While fanciful in the way gold is coinage and effort is expended to mine gold, or steal it, and hence has value counted in effort; the proof of work consensus depends on the agnosticism of compute cycles. There will be a competition between compute cycles, not miners, as to which miner wins the competition. A miner is unlikely to win without expending a lot of computer cycles, and the solution attests to all that those computer cycles were spent. As long as this miner cannot collude with sufficiently many other miners, if the block is faulty the other miners will ignore it and mine ahead of honest blocks. Then the work of the dishonest block is forfeited (see below about forks for the case of deciding between two honest blocks.)

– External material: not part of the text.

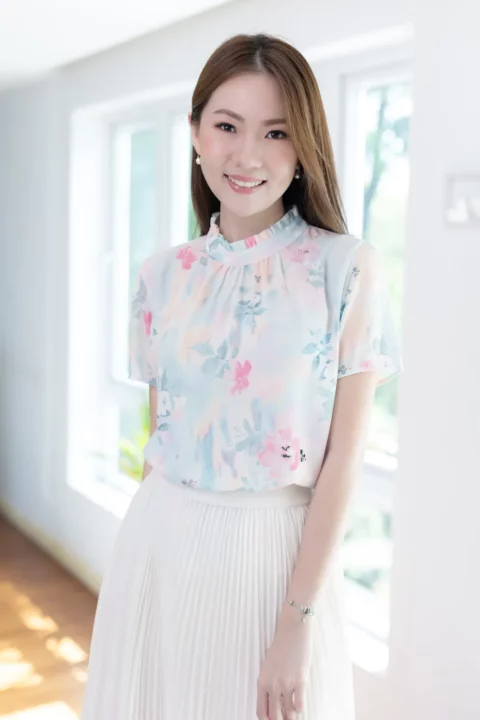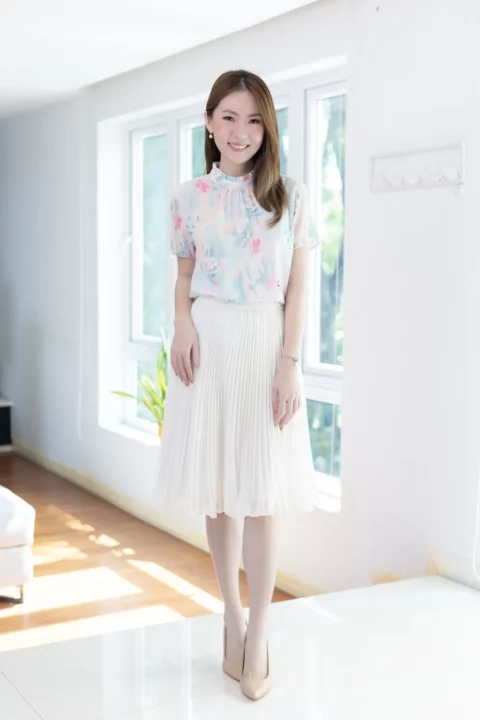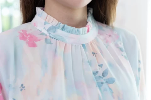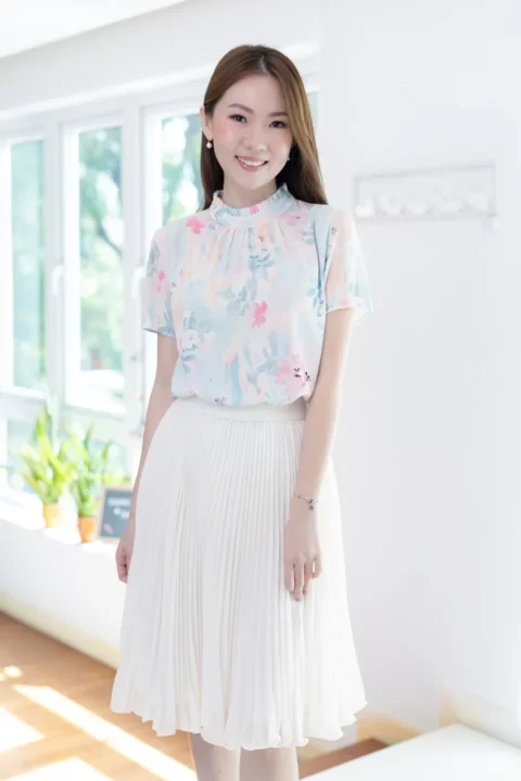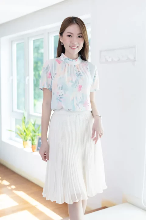 เสื้อคอปิดจับจีบตั้งๆกลับมาแล้วค่า เนื้อผ้าชีฟองพิมพ์ลายดอกไม้ ผ้าทิ้งตัวนิดๆ ตัวผ้าจะยังโปร่งแสงบางมุมยังแนะนำให้ใส่ซับในนะคะ ใต้คอจับจีบรูดเบาๆโชว์ความพลิ้วสวยของผ้า แขนสั้น ด้านหลังผ่าหยดน้ำติดกระดุม สาวกชีฟองถูกใจแน่นอนค่ะ

Another incentive mechanism is that a transaction can yield a profit for the miner that places that transaction in a block and successfully mines it into the block chain. A transaction can include TxIn's whose values sum to more than the sum of the values of the TxOut's. The difference can be claimed in by the miner. (I think this is added to the coinbase transaction. To be checked).
Transactions are proposed to the miner and float in a mempool. Miners collect out transactions and their incentive is to collect up those providing high fees.
The coinbase TxOut is gradually halved over time and will eventually be zero. From that point on, the only incentive will be these fees.
An example of what can go wrong, is that two blocks are mined at about the same time. Assume that otherwise both are valid. It just so happened that two winning blocks occurred at the same time. What happens now is miners choose one block to mine on and extend the chain. Eventually one chain will be (by chance) longer, and miners should mine the larger chain. The transactions on the shorter chain are abandoned. Since they are not on the chain, their TxOut's will not verify in future transactions. The transactions are void, and the miner rewards for the block are void.
An attack on the blockchain risks, if it fails, the waste of effort that certainly was involved in mining the orphaned chain. The correct hash of these blocks, that allowed them to be considered by any honest miner, also attests to an effort. Because the misbehaving miner does not get the block reward, its behavior is not incentivized. Because it cost the misbehaving miner work, its behavior is disincentivized.